Orban’s message to the US right: Do as I do

Rashmee Roshan Lall
2 min readMay 21, 2022

Viktor Orban’s message to the American right, worshipfully gathered to hear him on May 20 on the banks of the Danube, was stark: do as I do.

It is a powerful exhortation for Mr Orban practises what he preaches.

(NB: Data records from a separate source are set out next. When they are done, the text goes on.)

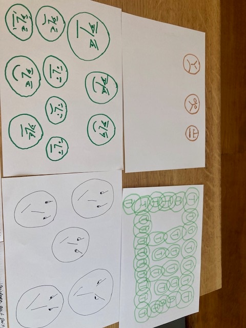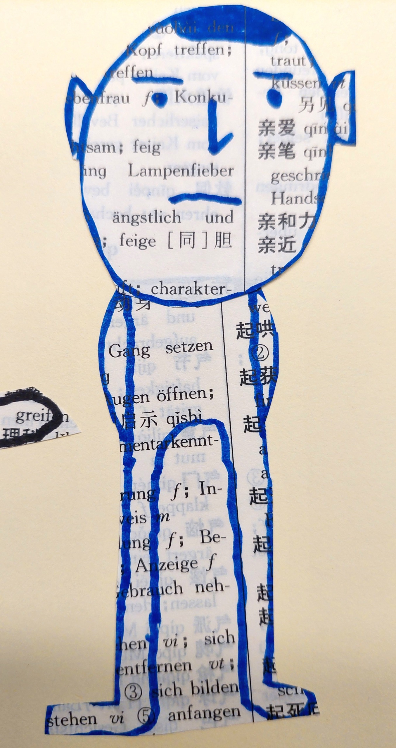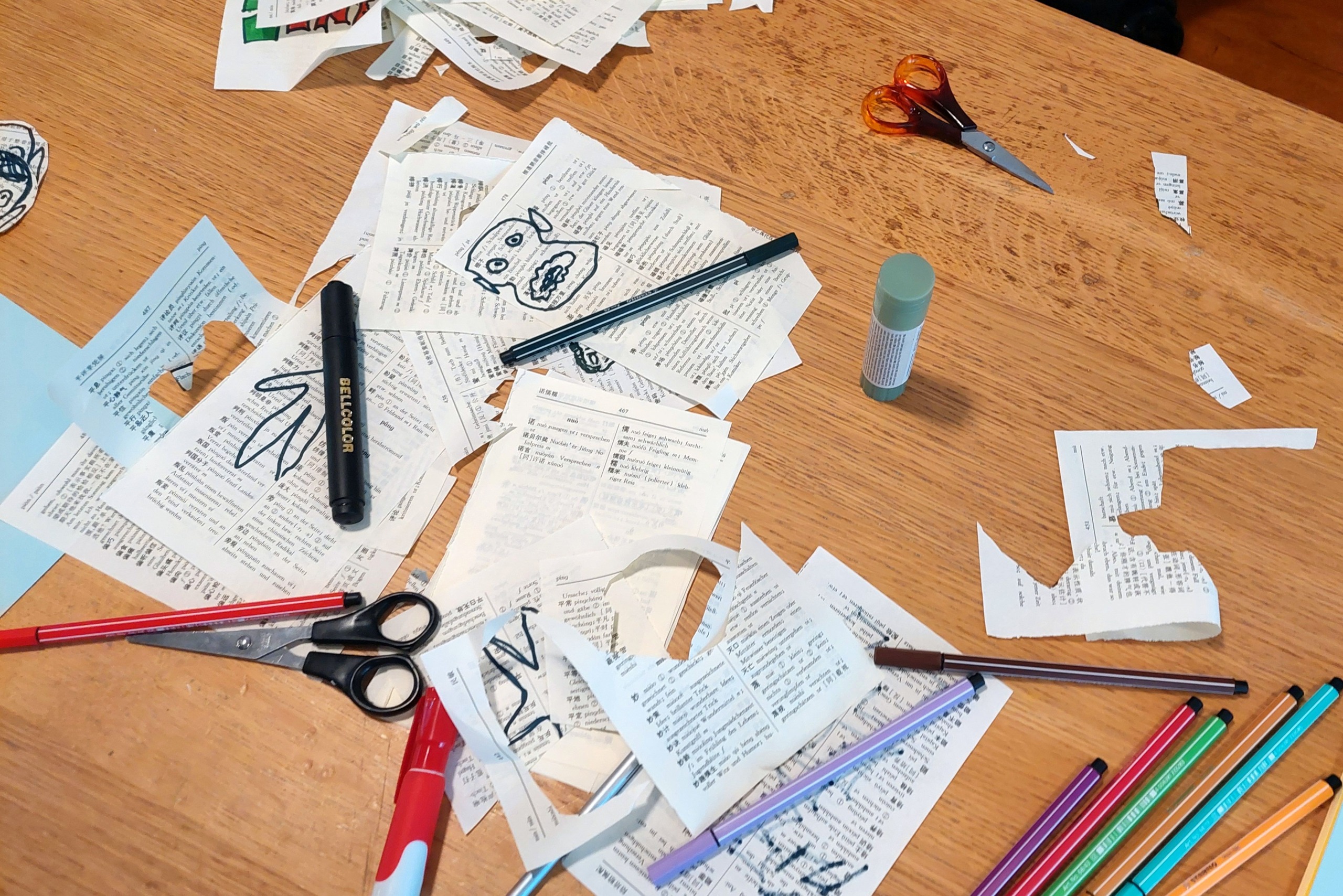 Nach einem kurzen Austausch über den Ausdruck von Emotionen zeichnete jeder Teilnehmer eine Serie unterschiedlicher Gesichter. Gezeichnet wurde mit Filzstift auf bedrucktem Papier aus einem Chinesisch-Deutsch-Wörterbuch.
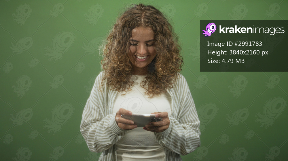 Woman holding smartphone, thumbs typing and smiling while looking down in studio; joyful connection moment.
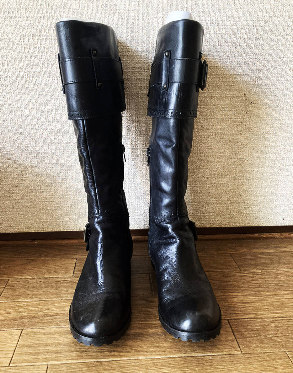 サイズは37とありますが 普段22.5-23cmをお履きの方向けです。 ヒール 2.5cm 全体の高さ 39.5cm 素人採寸ですので、多少の誤差はご容赦くださいませ。 イタリア製の本革ブーツです。
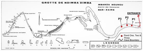Dimba Cave was discovered in the beginning of the 20th century, around 1920, and it was found to contain vast archeological artifacts of considerable interest to the investigation of pre-historic times of the region [,]. This cave is located in the territory of Mbanza-Ngungu, in the central part of the Democratic Republic of the Congo (DRC). Currently, the cave has high touristic frequency and because of the archaeological vestiges found therein, it has potential for being inscribed in the UNESCO World Heritage List. Therefore, the investigation and preservation of this unique Dimba Cave should be a priority.
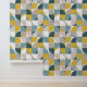 Bring a touch of retro flair to your interiors with this joyful wallpaper featuring a unique geometric design. The retro mood pattern combines calm and vivid colors that can transform any room into a stylish haven. Perfect for those looking to make a bold statement, this wallpaper is sure to impress your guests and enhance your decor. Explore the endless possibilities of revitalizing your environment and express your personality with this eye-catching design.
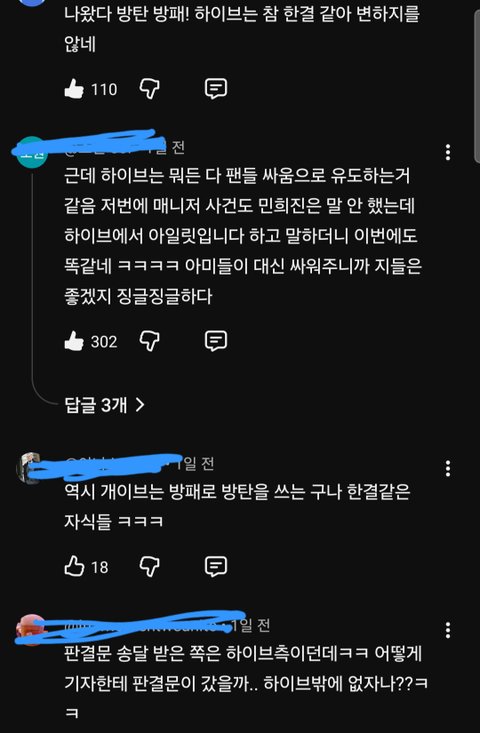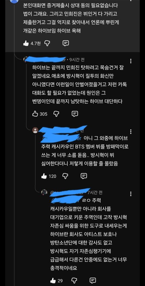 개저씨들아 너네가 욕할 대상은 민희진이 아니라 하이브니까 정신차려. 그리고 니네 여론조작 안 먹히니까 적당히 해
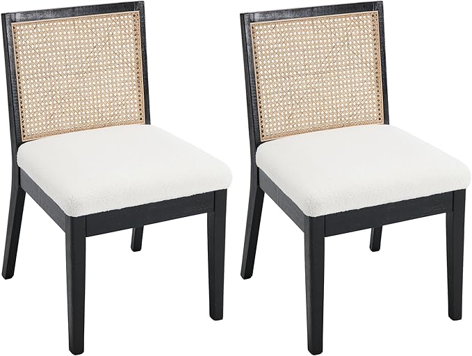 - MODERN DESIGN These modern dining chairs feature a padded cushioned seat, a square rattan back, and black wood legs. Simple but elegant, they will be a great addition to your home
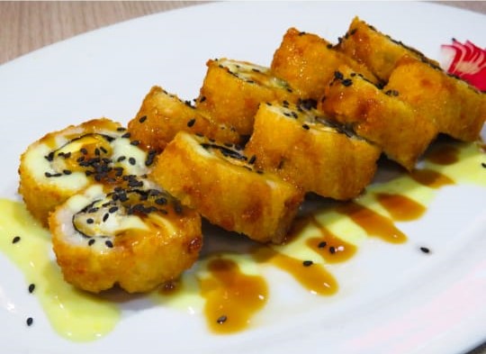 Roll bocado a bocado, palmito de cangrejo apanado, aguacate y queso crema. bañado en salsas de la casa
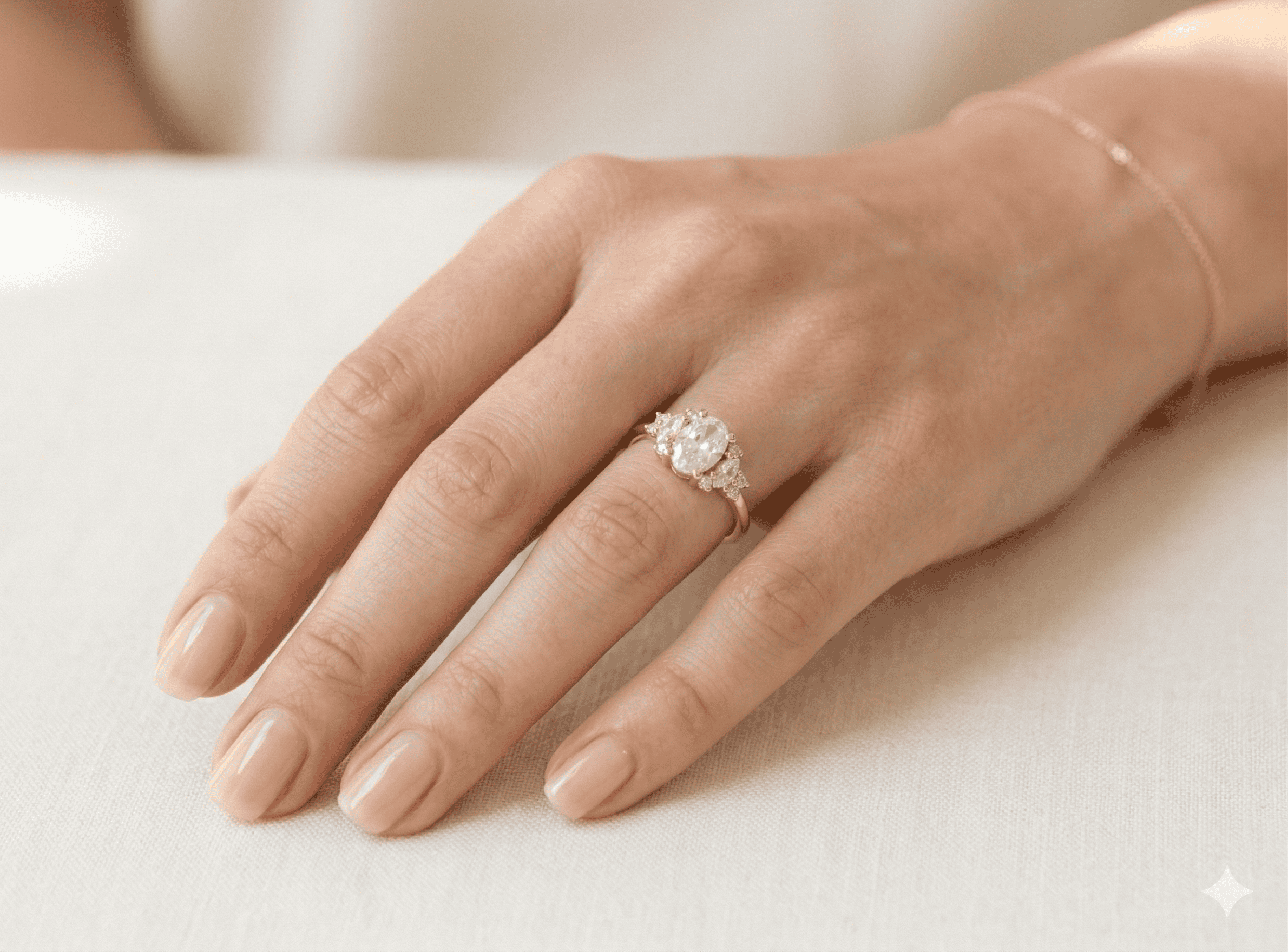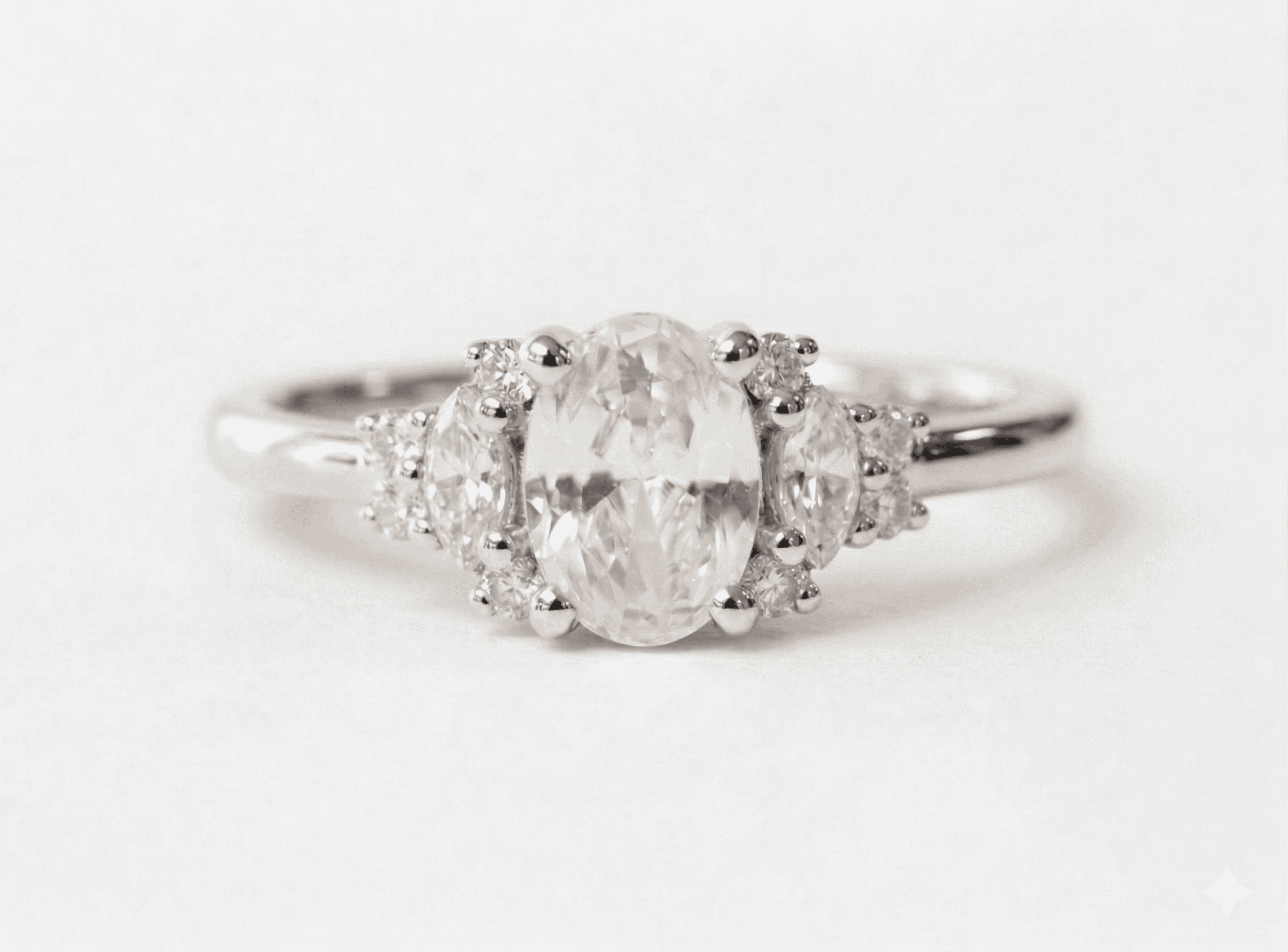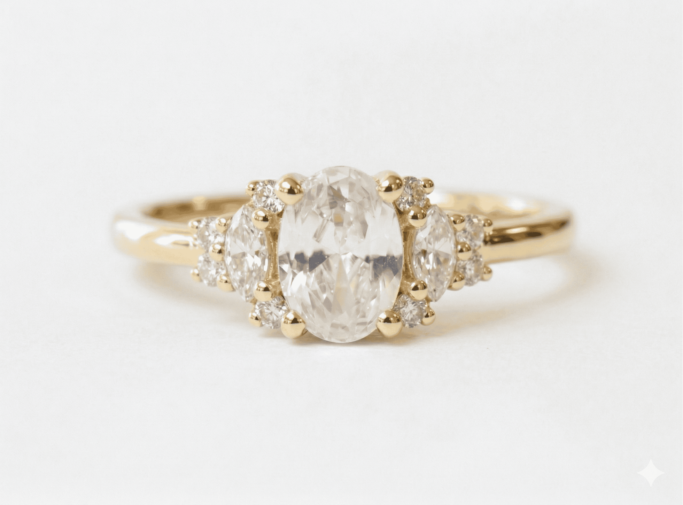 Handcrafted 14K gold ring with a clear oval gemstone at the center and sparkling diamond accents on each side. A timeless and delicate ring with a soft romantic feel.

In order to remake Hungary in the 12 years since he came to power, Mr Orban and his Fidesz party boldly sought four clear strands of dominance:

  • The media
  • Civic institutions
  • Political maps
  • Civil society

In Hungary, the prime minister and those allied with him have effective control of most media outlets, including state TV. There is hardly any space available to the independent press. Businesses allied with Mr Orban and his political supporters have taken control of the main outlets. In defiance of the European Union’s (EU) promise of privacy as a fundamental right, the government of EU member Hungary keeps track of investigative journalists, such as Szabolcs Panyi and Andras Szabo. It does this by means of Pegasus, military-grade spyware made by the Israeli firm NSO Group.

‼️📡📱How Hungarian press freedom came under attack in Orbán’s Hungary — our in-depth investigation into how journalists, media company owners & their close circles were targeted with Israeli spyware Pegasus.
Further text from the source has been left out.